Exact copies of all the lines below are required, with the pictures omitted.

• [SUPPLIED INFORMATION]:
********
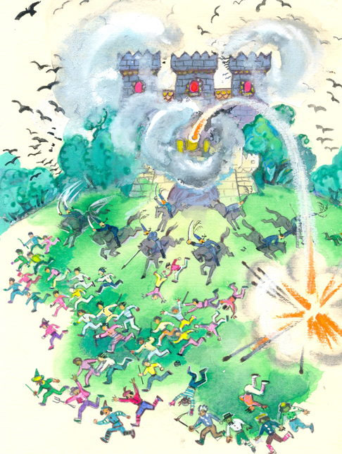 Доктор Гаспар подумал, что всё это похоже на картинку волшебного фонаря. Солнце ярко светило, блестела зелень. Бомбы разрывались, как кусочки ваты; пламя появлялось на одну секунду, как будто кто-то пускал в толпу солнечных зайчиков. Лошади гарцевали, поднимались на дыбы и вертелись волчком. Парк и Дворец Трёх Толстяков заволокло белым прозрачным дымом.
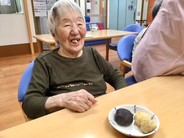 敬老の日のおやつに待望の「おはぎ風」作りを楽しまれました。
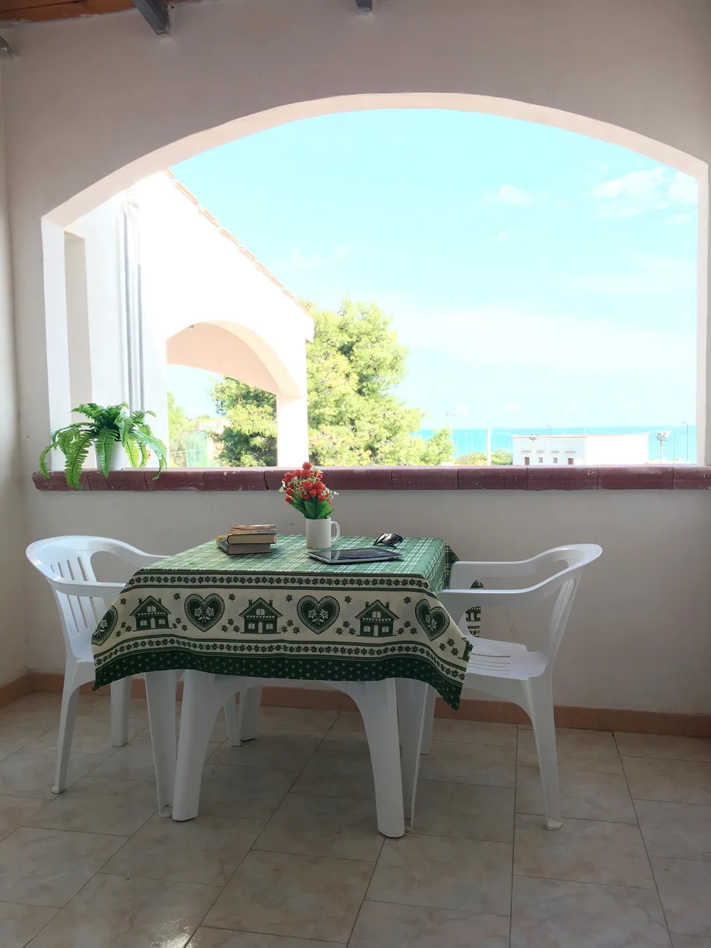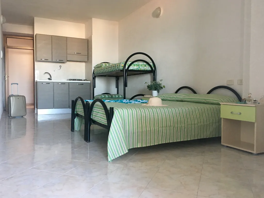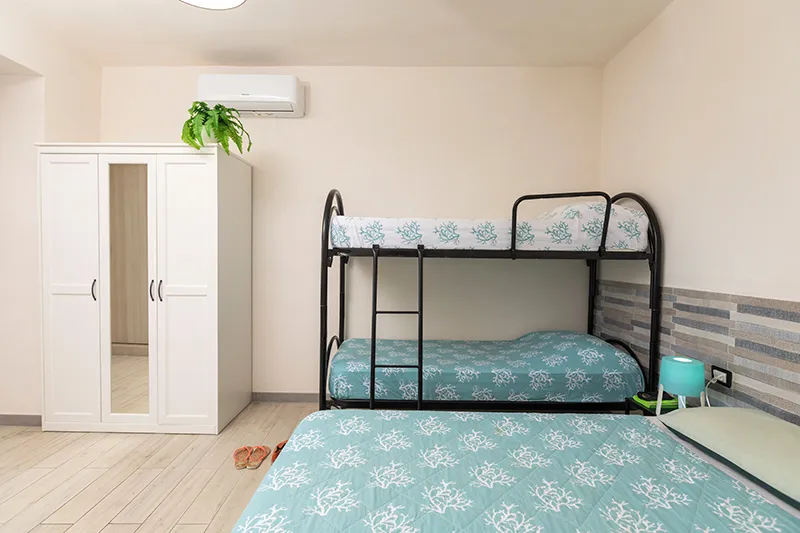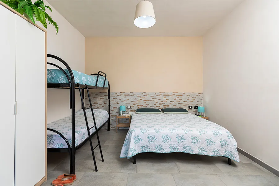 Mono D: sea view, approximately 27/36 sqm, studio apartment for 2 + 2 (children) with double bed and bunk bed, covered terrace, accessible via an external staircase.
********
• [WRITTEN ANSWER]:
 Доктор Гаспар подумал, что всё это похоже на картинку волшебного фонаря. Солнце ярко светило, блестела зелень. Бомбы разрывались, как кусочки ваты; пламя появлялось на одну секунду, как будто кто-то пускал в толпу солнечных зайчиков. Лошади гарцевали, поднимались на дыбы и вертелись волчком. Парк и Дворец Трёх Толстяков заволокло белым прозрачным дымом.
 敬老の日のおやつに待望の「おはぎ風」作りを楽しまれました。
 Mono D: sea view, approximately 27/36 sqm, studio apartment for 2 + 2 (children) with double bed and bunk bed, covered terrace, accessible via an external staircase.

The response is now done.